With celebration and gratitude, we completed our 133rd academic year at the University of St. Thomas, and welcomed more than 2,400 new Tommies into our alumni network. They are responsible leaders who think critically, act wisely and work skillfully to advance the common good.
We also completed our first full year as an Ashoka Changemaker Campus – earning recognition among a select group of 46 colleges and universities that embrace the need for universities to shift from traditional silos and bureaucratic organizations to more innovative, entrepreneurial and collaborative communities.
Our Schulze School of Entrepreneurship is a prime example of changemakers joining forces with our Center for Common Good to support the continuous development of social innovation, collaboration and design thinking. Together, our faculty, staff and students seek to solve problems that matter to themselves and society and to lead fulfilling lives creating positive social, environmental and economic value.
Changemakers need a depth and breadth of knowledge to analyze our complex world and its local and global challenges; to appreciate the interconnectedness of humanity; and to see the relationship among historical, political, economic, religious and cultural influences on society. That is the foundation of a liberal arts education combined with practical application.
A changemaker needs analytical skills to think critically and creatively about related, and often competing, ideas and to question assumptions.
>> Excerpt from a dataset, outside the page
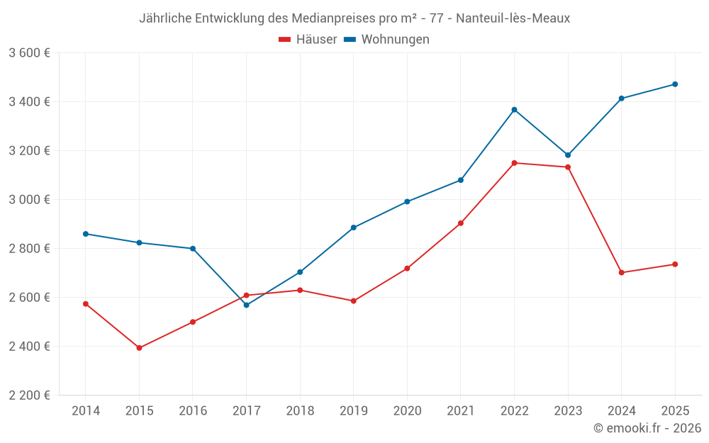 Der Durchschnittspreis auf den 24 Wohnungstransaktionen der letzten 24 Monate in der Gemeinde Nanteuil-lès-Meaux betrug 3 467 € pro Quadratmeter für einen mittleren Immobilienwert von 163 500 €. Über diesen Zeitraum hinweg lagen 60% der Transaktionen zwischen 2 248 und 3 752 € pro Quadratmeter (vom 2. bis zum 8. Dezil).

As Dean of Engineering Don Weinkauf recently shared with his graduates, "Our society needs engineers who deeply and compassionately understand the human condition and the magnitude of the problems that remain for so much of humanity. And when the tremendous momentum of the 'assembled' wisdom is sending us to a place where the common good is discarded, we need an engineer who is bold enough to ask the question, 'Why?'"
Indeed, it is my sincere hope that each of our graduates, in the face of inequity, injustice, inefficiency, ineffectiveness or insufficiency, will have the courage to ask, "Why?"
I have seen these attributes repeatedly demonstrated by our students, such as Jules Porter '18 J.D./MBA, the graduate winner of the Fowler and the St. Thomas Business Plan competitions, whose business idea, Seraph 7 Studios, reframed the roles of African-Americans in video games.
Another example involves four undergraduate science majors who invented a solar-powered water purification system and advanced to regional finals in the international 2018 Hult Prize competition.
And, we have ExpressionMed, founded by Meghan Sharkus '20, who, with Jackie Page '20, won the nation's largest undergraduate business plan competition: The Schulze Entrepreneurship Challenge. Meghan invented a medical adhesive that extends the functionality of expensive Type 1 diabetes devices.
These innovators represent the many changemakers at St.Thomas: those who find a societal problem that intersects with their passion, then with empathy and collaboration develop a sustainable solution.